No es infrecuente la torpeza que
habita en el diálogo de aquel hombre que sólo acostumbra a dialogar con sus
versos o con sus fantasmas: llámese misantropía o como se quiera. Ese mismo hombre que creyendo encontrar —al
fin— un alma que es reflejo de la suya, tardíamente descubre el error de esas
insociables palabras y en vano intenta subsanarlo: la herida proferida ya ha
supurado la infamia de saberse nuevamente solo. Entonces el dolor lo avasalla,
lo carcome. Es como una pequeña muerte dentro de otra y de otra… una estampida
destructiva, una escalera hacia el abismo de un pétreo y perpetuo vacío. Una
lápida se yergue brutal sobre su espíritu.
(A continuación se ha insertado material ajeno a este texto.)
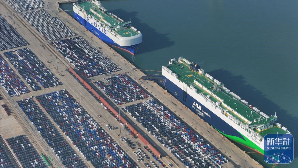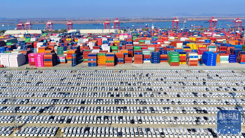 ↑ 12月14日在江蘇省港口集團(tuán)南京港龍?zhí)都b箱碼頭拍攝的等待裝船出口的國(guó)產(chǎn)汽車(無人機(jī)照片)。新華社發(fā)(楊素平攝)
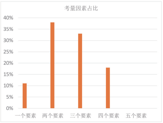 从考量因素不同组合的情况看,11%的案件仅考虑了一个要素,38%的案件考虑了两个要素,33%的案件考虑了三个要素,18%的案件考虑了四个要素,尚无案件考虑五个要素。(图2)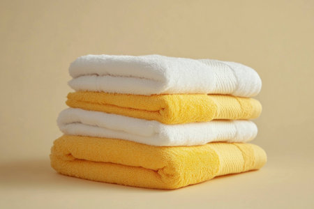 Stack of soft yellow and white towels on a pastel background, perfect for home decor, bath aesthetics, or spa ambiance, symbolizing cleanliness and comfort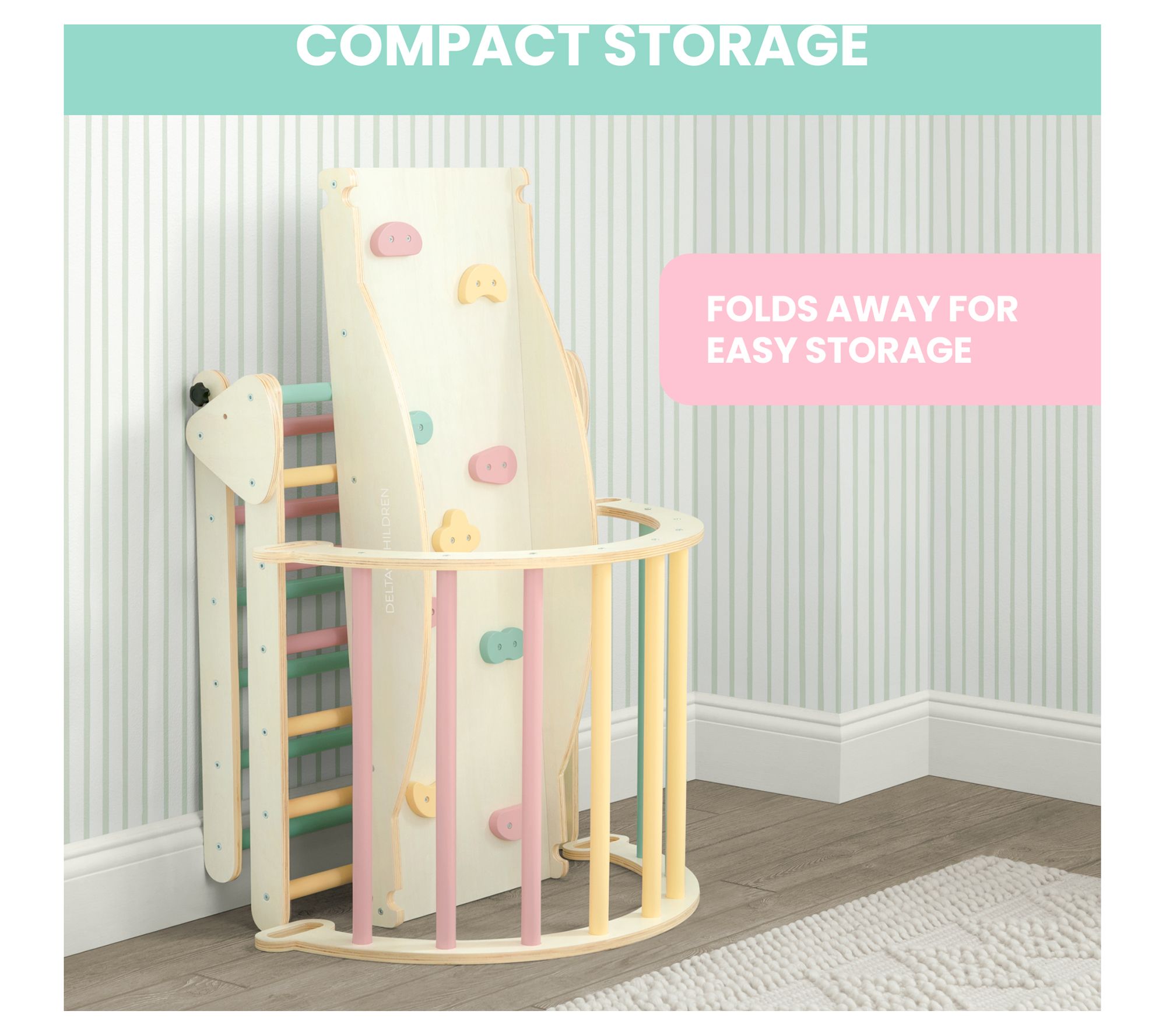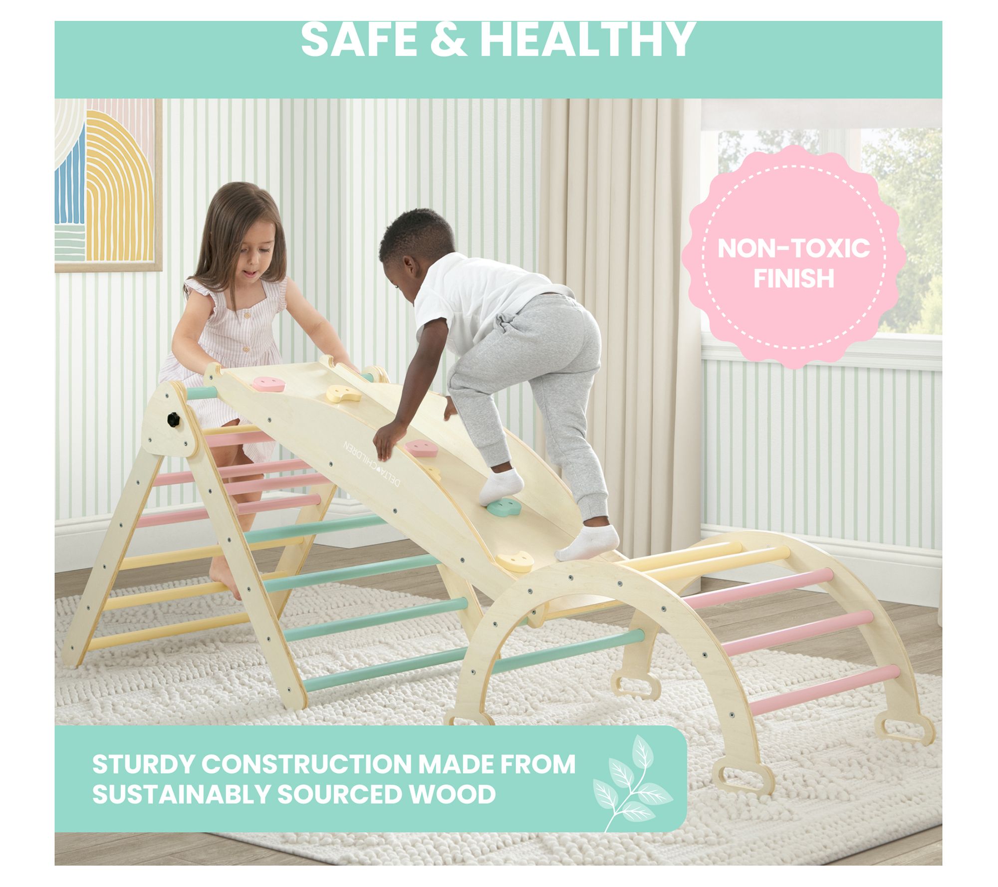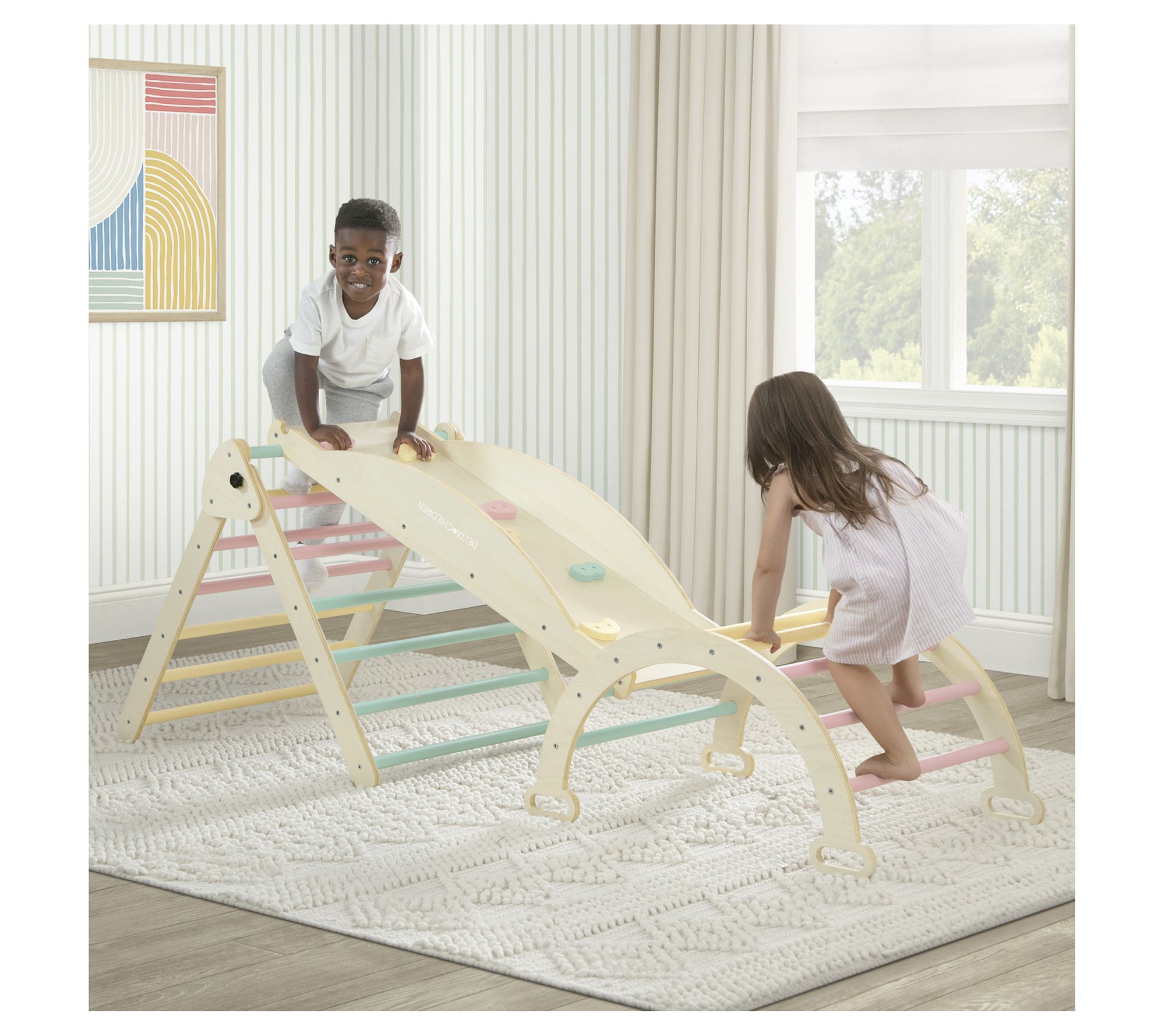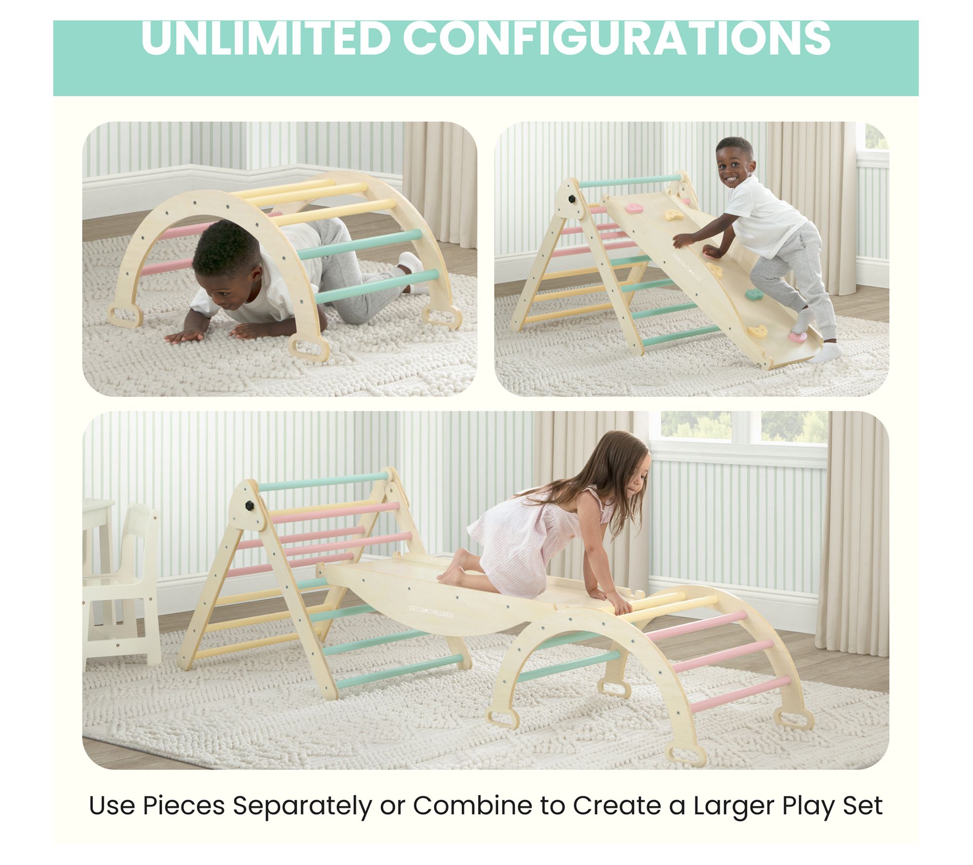 Elevate your child's playtime with the Delta Children Lil Climber Gym. With limitless configurations, this versatile play structure promotes motor skills, creativity, and natural fun. From Delta Children.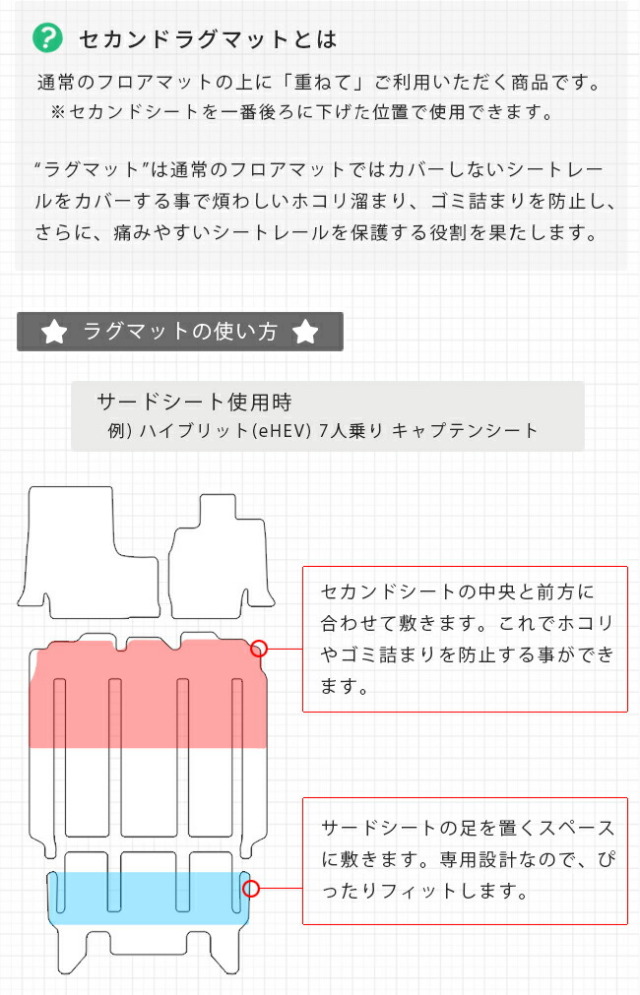 | 商品構成 | 専用ラグマット 2枚 ※ エンジンタイプによりマットの形状が異なります。 ※ 車いす仕様車・サイドリフトアップシート車には適合致しません。 |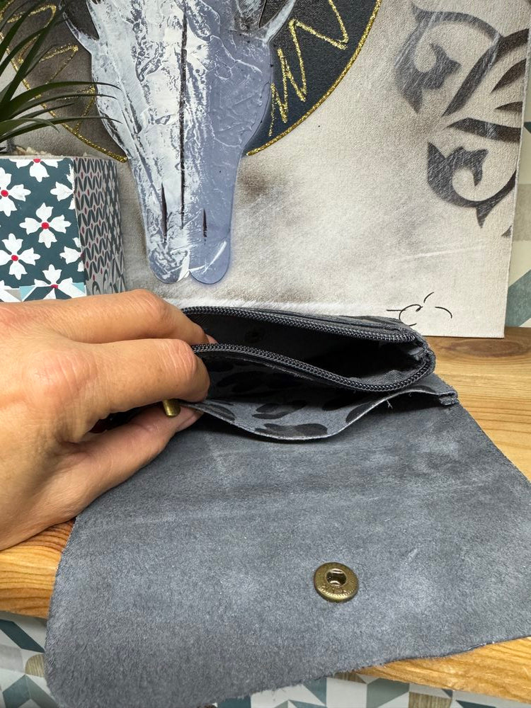 Grand porte monnaie en cuir Lorenzo gris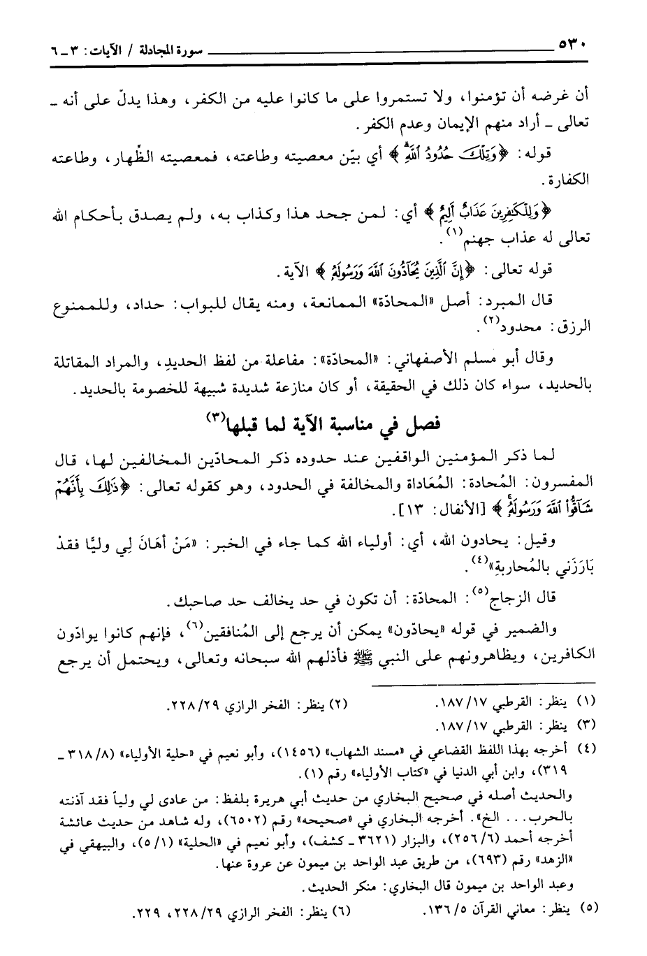 وقال أبو مسلم الأصفهاني: «المحادّة» : مفاعلة من لفظ الحديدِ، والمراد المقاتلة بالحديد، سواء كان ذلك في الحقيقة، أو كان منازعة شديدة شبيهة للخصومة بالحديد.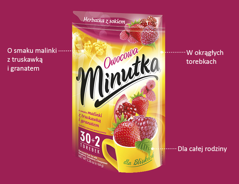 Minutka o smaku maliny, truskawki i granatu to zaskakujące połączenie popularnych owoców z egzotycznym akcentem. Oryginalna receptura wzbogacona została sproszkowanym sokiem owocowym, który dodaje naparowi świeżości i soczystości. Minutka już od lat doceniana jest przez polskie rodziny, jako idealny napój na co dzień, którym możesz dzielić się z Bliskimi.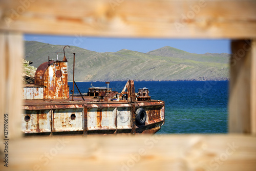 sea, boat, water, beach, island, baikal, bay, blue, cape, clear, cliff, cloud, coast, coniferous, evening, grass, green, horizon, impression, july, june, lake, landscape, larch, mountain, nature, distant, remote

Gélido, no sabe cuáles deberán ser los pasos a seguir, dónde
está su horizonte.
Nuevamente acude en su ayuda —que es
asalto destructivo— el ser que lo define, quizá su «yo» real, el oscuro poeta,
su mister Hyde, el que fagocita todo sentimiento, todo dolor, para
transformarlo en versos, en imágenes, en espantos, en jadeos. Su arte debe ser a pesar de. Si el hombre de carne y huesos y pelos y
sangre muere en ese acto —que su desdoblamiento cree catártico— pues adelante.
Impenitente, nada habrá de acallar la pluma de su fantasma. Y es el fantasma
el que pone punto final a este párrafo, a la vez que aquel hombre, únicamente
dueño de una mano sin alma, cae exhausto, rendido a los pies de su infausta literatura.